Materials and Methods
Microalgae and plant
In this study C. vulgaris was used as microalgae and mint (Mentha spicata) as the plant. C. vulgaris culture was supplied by the Biotechnology Laboratory, Department of Chemical Engineering, Kocaeli University, Turkey. The nutrient media used was BG11 for both microalgae and plants (Table 1). The reason for choosing BG11 was that it is suitable for the growth of C. vulgaris (B. Uyar, 2018, personal communication; Vishwakarma, Dhar & Saxena, 2019).

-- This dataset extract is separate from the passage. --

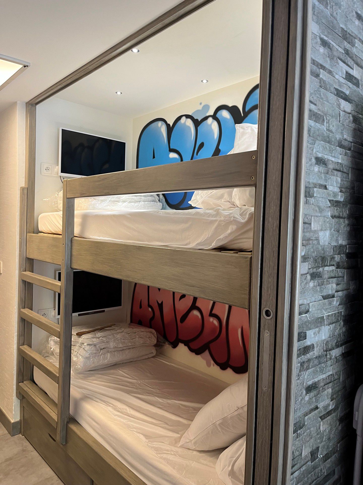 Entree (separee du sejour par une porte/ 5m2) : 2 lits superposes (2x 80x190cm) equipes de TV individuelles avec casque
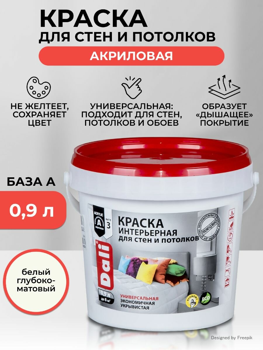 Краска интерьерная Dali, акриловая, глубокоматовая, база A, белая, 0,9 л

Table 1. Chemical composition of the hydroponic solution, prepared in distilled water; final pH was adapted as 6.8.
| Components | Concentration (g L−1) |
|---|---|
| NaNO3 | 1.500 |
| KH2PO4 | 0.040 |
| MgSO4.7H2O | 0.075 |
| CaCl2.2H2O | 0.036 |
| H3BO3 | 0.003 |
| Na2CO3 | 0.020 |
| C6H5FeO7.5H2O | 0.006 |
| C6H8O7 | 0.006 |
| Vitamine mix | 0.020 |
| Agar§ | 15.000 |
Note:
Agar was added to make solid culture for preservation, propagation and preparation of pre-culture of C. vulgaris.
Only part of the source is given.